User Prompt: "I want to compare Stripe vs PayPal vs Square. Focus on international support and fees."
Agent Research:
## User-Requested Research: Payment Gateway Comparison
### Stripe
- International: 135+ currencies, 45+ countries
- Fees: 2.9% + $0.30 per transaction (US)
- ✅ Best API documentation
- ✅ Strongest developer experience
- ❌ Higher fees for some countries
### PayPal
- International: 200+ markets, 100+ currencies
- Fees: 2.9% + $0.30 (US), varies by country
- ✅ Most widely recognized by customers
- ✅ Good buyer protection
- ❌ More complex API
### Square
- International: Limited (US, Canada, UK, Australia, Japan)
- Fees: 2.9% + $0.30
- ✅ Great for in-person + online
- ❌ Limited international support
**Recommendation for International E-commerce:**
Stripe - Best international support + developer experience
Best Practices
- Always cite sources - Architecture Agent needs to trust findings
- Be specific - "Flask is faster" → "Flask: 45ms avg, Django: 60ms avg"

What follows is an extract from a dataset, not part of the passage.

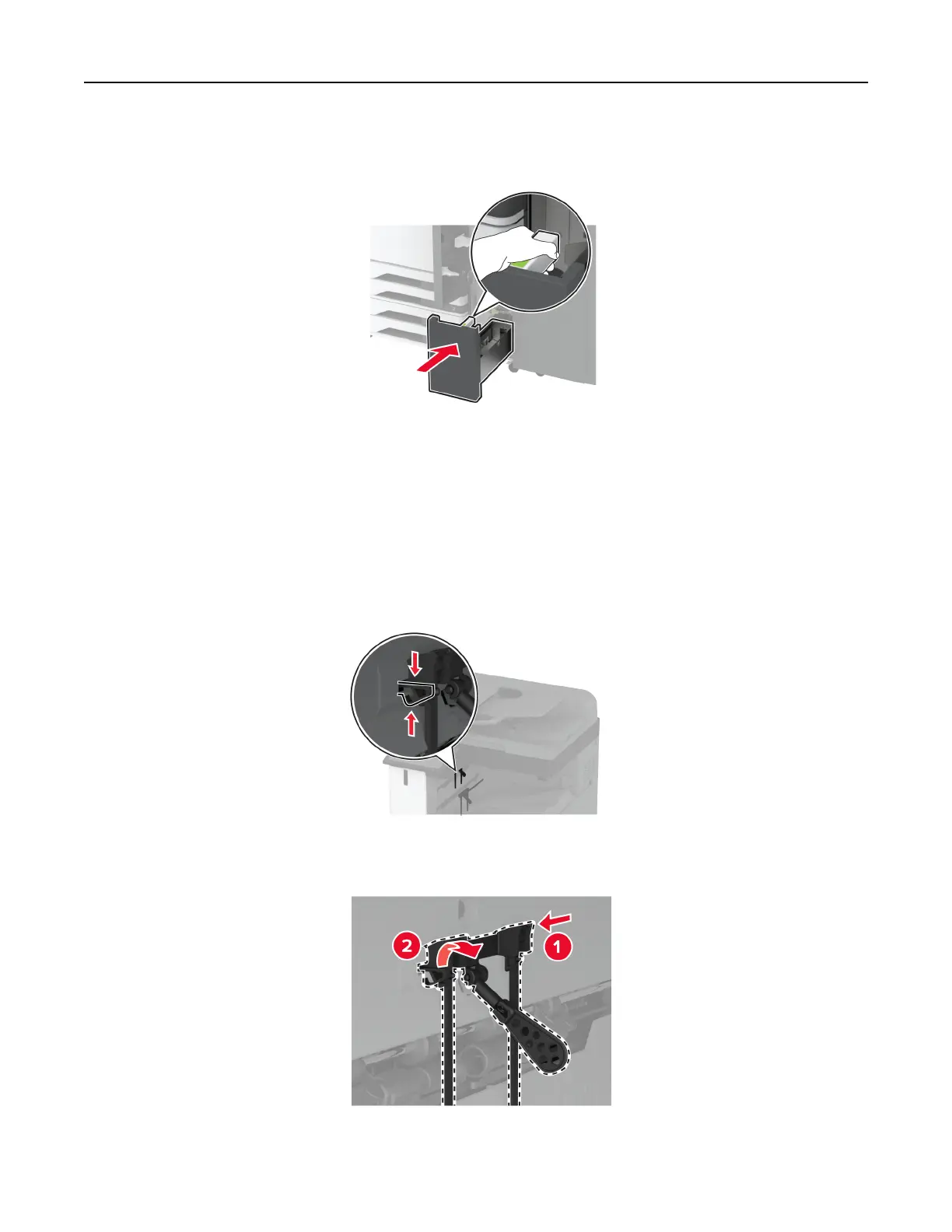 5 Insert the new finisher bin.

- Include dates - Technology changes, note when research was done
- Flag uncertainties - If data conflicts, note both sides
- User prompts first - Always prioritize user-requested research
- Think security - Always research security implications
- Real projects - Find actual GitHub projects as examples
- Version awareness - Note which versions were researched
Research Agent Activation Logic
def should_run_research(task, workflow_plan):
"""Determine if research stage should run"""

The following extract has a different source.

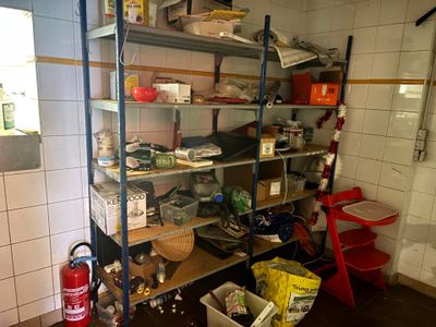 Racks en métal, fauteuil d'enfant rouge, robot KENWOOD, acce…

# Always run if user provided research prompts
if task.get('user_research_prompts'):
return True
# Run for complex tasks
if workflow_plan['complexity'] == 'complex':
return True
# Run for high-priority tasks
if task['priority'] == 'high':
return True
# Run if unfamiliar technology detected
unfamiliar_keywords = ['oauth', 'websocket', 'graphql', 'kubernetes']
if any(keyword in task['description'].lower() for keyword in unfamiliar_keywords):
return True
# Run if security-critical
security_keywords = ['payment', 'auth', 'encrypt', 'security']

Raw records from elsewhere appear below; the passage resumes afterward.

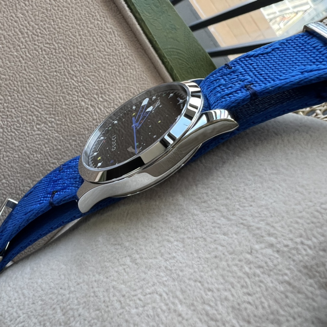Gucci G-TIMELESSGucci系列,中性表款,38mm表径,防眩目蓝宝石玻璃、316精钢表壳,双G刺绣尼龙表带,宇宙星空表盘设计,简洁大方,原装ETA机芯,全新全套出。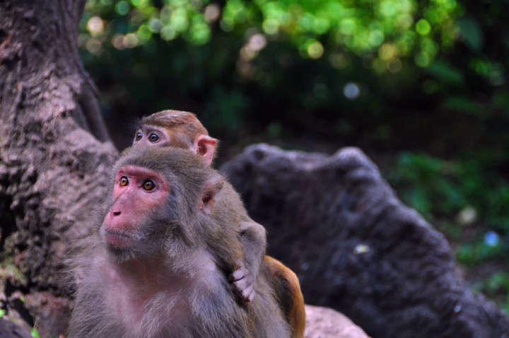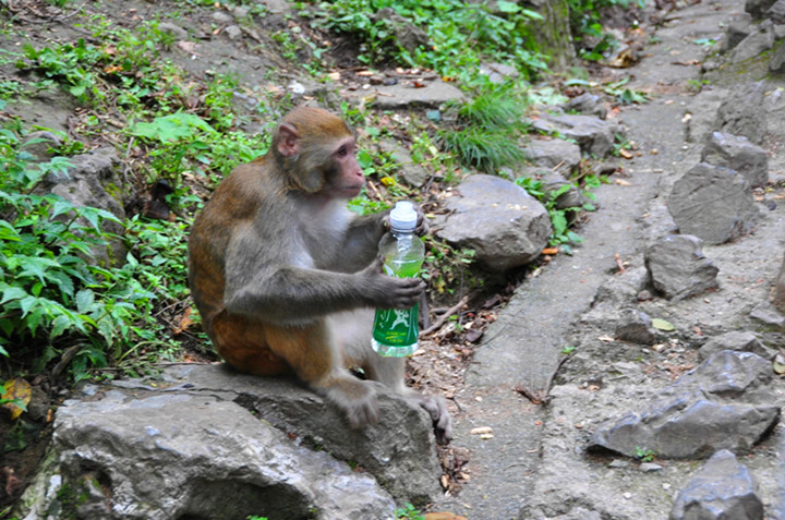 走着、走着,看见满山放养的猴子,不停地吃着游人投递的水果、花生,更奇怪的是会打开可乐瓶。
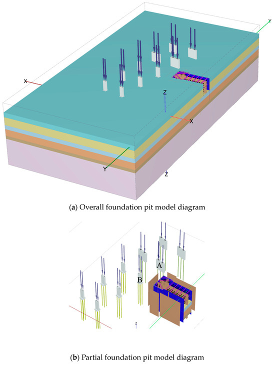 Finite element model of the foundation pit. (a) Overall foundation pit model diagram. (b) Partial foundation pit model diagram.

if any(keyword in task['description'].lower() for keyword in security_keywords):
return True
# Skip for simple tasks
return False
Integration with Pipeline
Task Received
↓
Complexity Analysis
↓
Should Research? ────→ NO ─→ Architecture Stage
↓ YES
↓
Research Agent
├─ Analyze task (autonomous topics)
├─ Process user prompts
├─ Execute research
└─ Generate report
↓
Send to Architecture Agent
↓
Architecture Stage (informed by research)
Note: This agent is autonomous but guided. It intelligently determines what to research, but always listens to user expertise when specific research is requested.